─── GIVEN INFORMATION
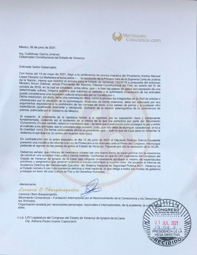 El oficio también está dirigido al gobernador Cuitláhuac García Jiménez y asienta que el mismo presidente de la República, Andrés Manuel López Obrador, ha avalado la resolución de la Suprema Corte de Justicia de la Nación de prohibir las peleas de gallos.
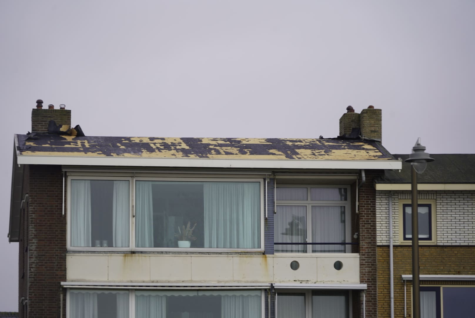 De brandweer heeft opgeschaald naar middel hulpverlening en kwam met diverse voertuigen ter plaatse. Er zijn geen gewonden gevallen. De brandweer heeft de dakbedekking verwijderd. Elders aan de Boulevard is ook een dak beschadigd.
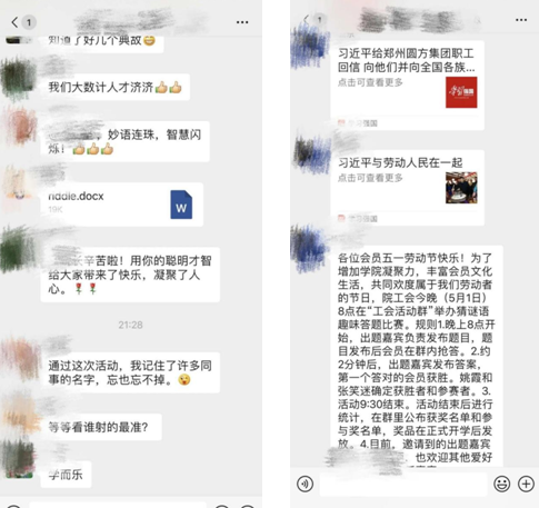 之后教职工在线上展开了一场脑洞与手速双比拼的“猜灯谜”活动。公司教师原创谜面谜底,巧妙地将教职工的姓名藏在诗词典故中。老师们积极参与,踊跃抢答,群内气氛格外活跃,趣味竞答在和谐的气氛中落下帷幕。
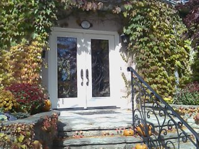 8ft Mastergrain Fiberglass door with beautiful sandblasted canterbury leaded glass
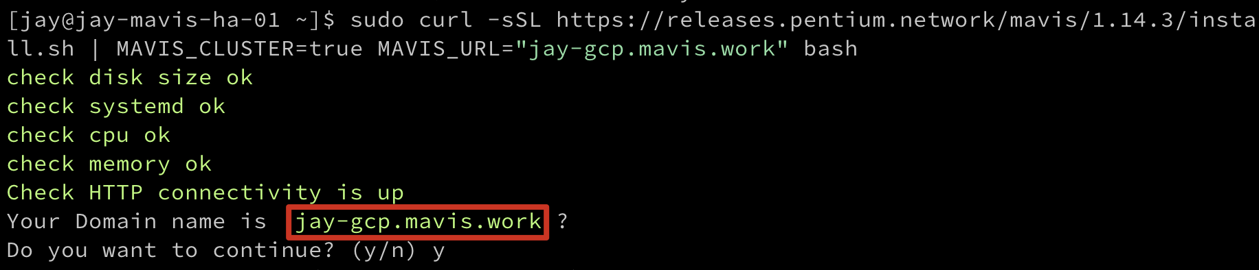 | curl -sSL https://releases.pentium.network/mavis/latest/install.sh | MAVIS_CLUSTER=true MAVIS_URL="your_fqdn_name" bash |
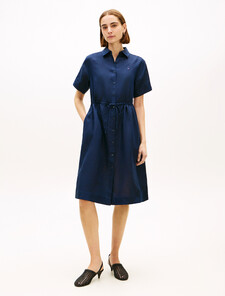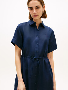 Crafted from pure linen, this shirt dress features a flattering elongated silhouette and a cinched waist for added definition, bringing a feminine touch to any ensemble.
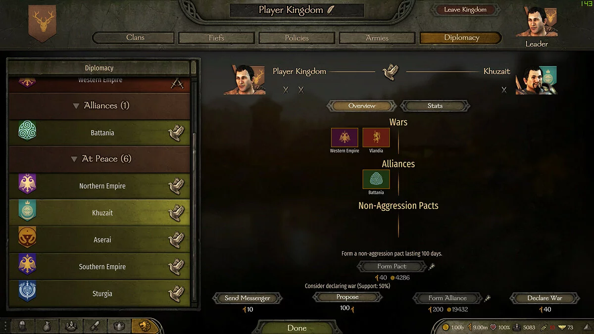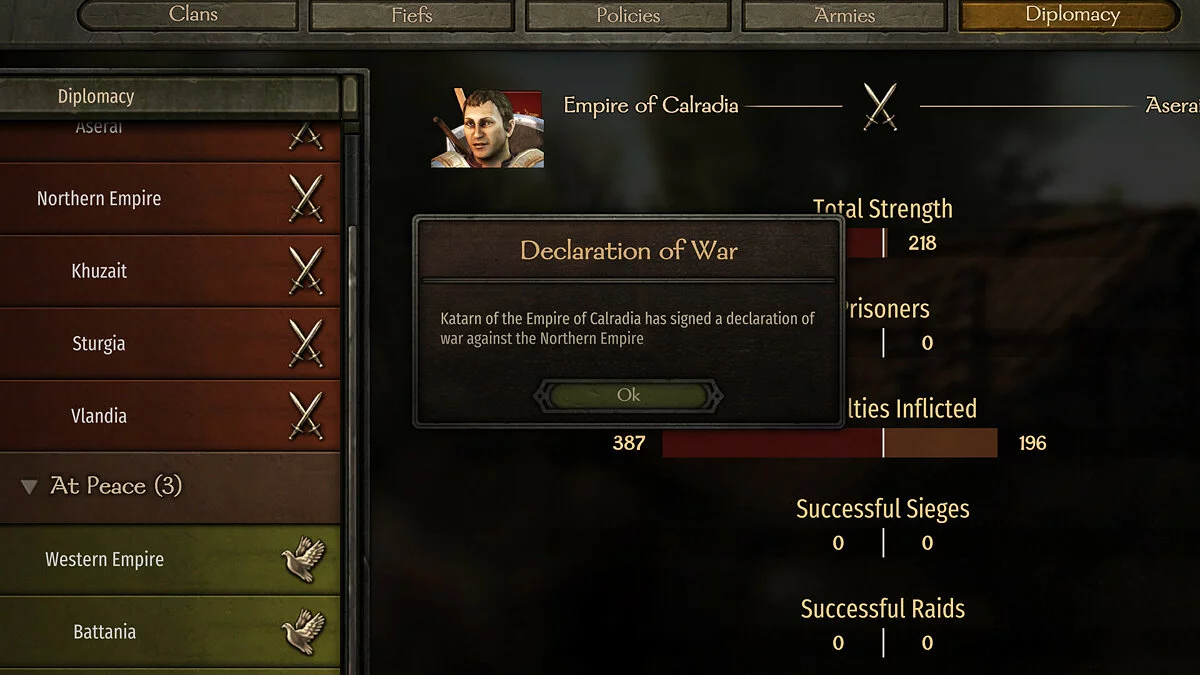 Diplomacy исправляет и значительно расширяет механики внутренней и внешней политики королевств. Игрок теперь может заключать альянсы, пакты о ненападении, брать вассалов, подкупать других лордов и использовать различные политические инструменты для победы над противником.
──────
─── GIVEN INFORMATION
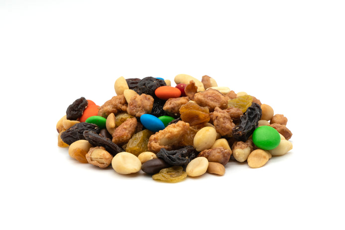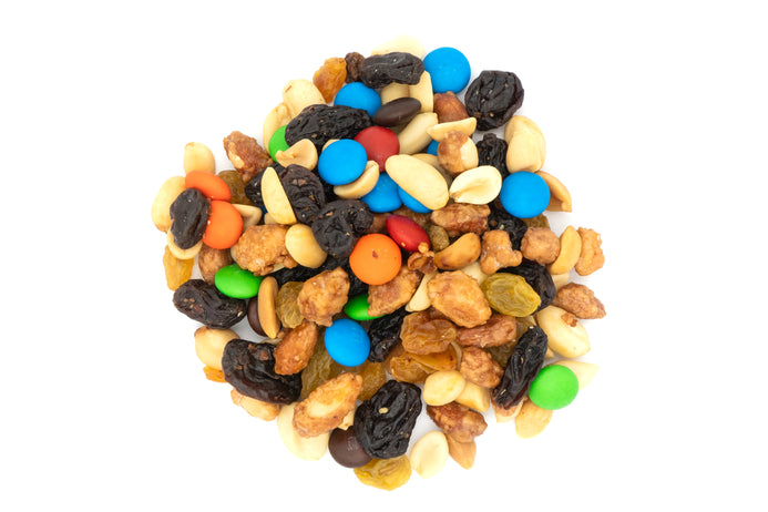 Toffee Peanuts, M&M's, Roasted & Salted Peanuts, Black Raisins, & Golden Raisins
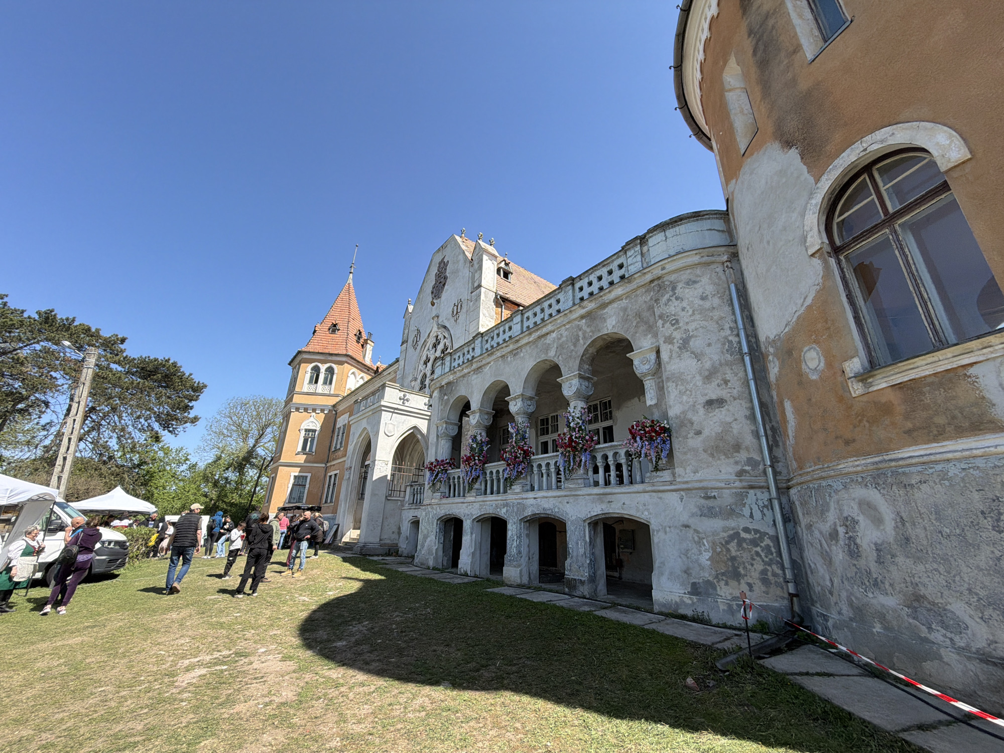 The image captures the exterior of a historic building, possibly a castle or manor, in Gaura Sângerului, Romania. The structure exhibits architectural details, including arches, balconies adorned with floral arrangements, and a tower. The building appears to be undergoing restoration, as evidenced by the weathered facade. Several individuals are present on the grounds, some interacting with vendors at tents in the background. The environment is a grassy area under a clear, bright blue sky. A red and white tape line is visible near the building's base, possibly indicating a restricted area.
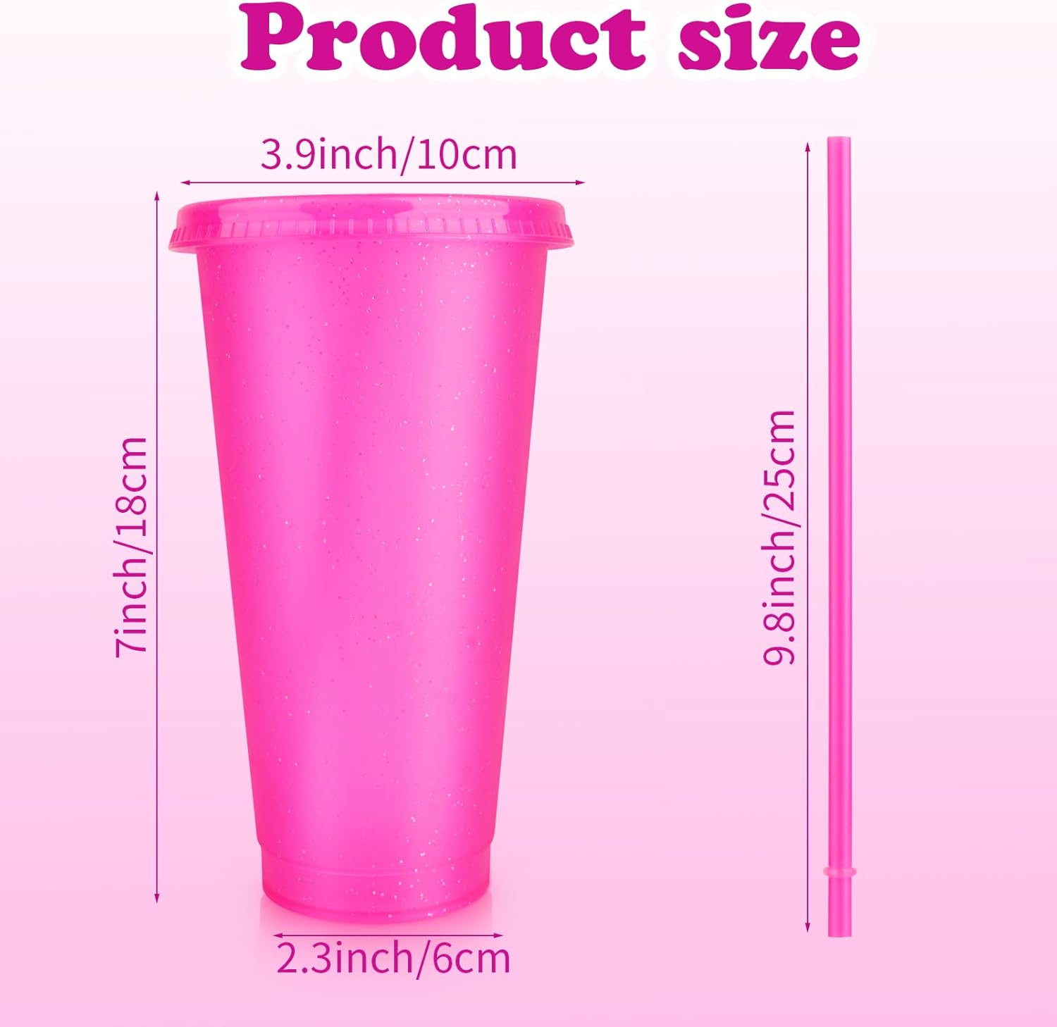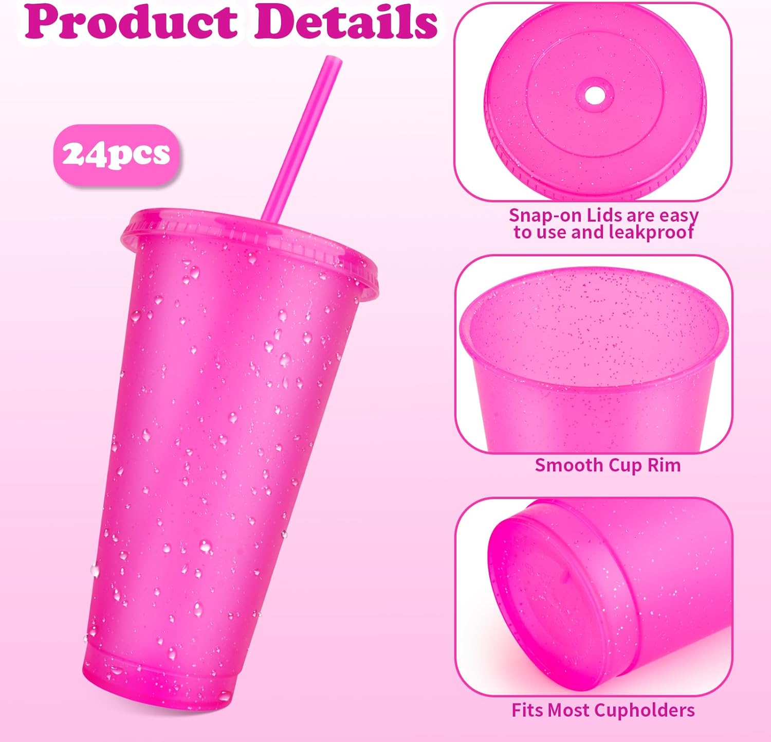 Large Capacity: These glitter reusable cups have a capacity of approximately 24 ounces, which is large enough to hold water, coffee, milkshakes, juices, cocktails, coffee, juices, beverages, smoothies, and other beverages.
──────
ABOUT THIS TASK >> Your answer must be the lines above from the one holding "8ft Mastergrain Fiberglass" up to and including the one holding "Diplomacy исправляет и", exact and with no pictures.

WRITTEN RESPONSE >>
 8ft Mastergrain Fiberglass door with beautiful sandblasted canterbury leaded glass
 | curl -sSL https://releases.pentium.network/mavis/latest/install.sh | MAVIS_CLUSTER=true MAVIS_URL="your_fqdn_name" bash |
 Crafted from pure linen, this shirt dress features a flattering elongated silhouette and a cinched waist for added definition, bringing a feminine touch to any ensemble.
 Diplomacy исправляет и значительно расширяет механики внутренней и внешней политики королевств. Игрок теперь может заключать альянсы, пакты о ненападении, брать вассалов, подкупать других лордов и использовать различные политические инструменты для победы над противником.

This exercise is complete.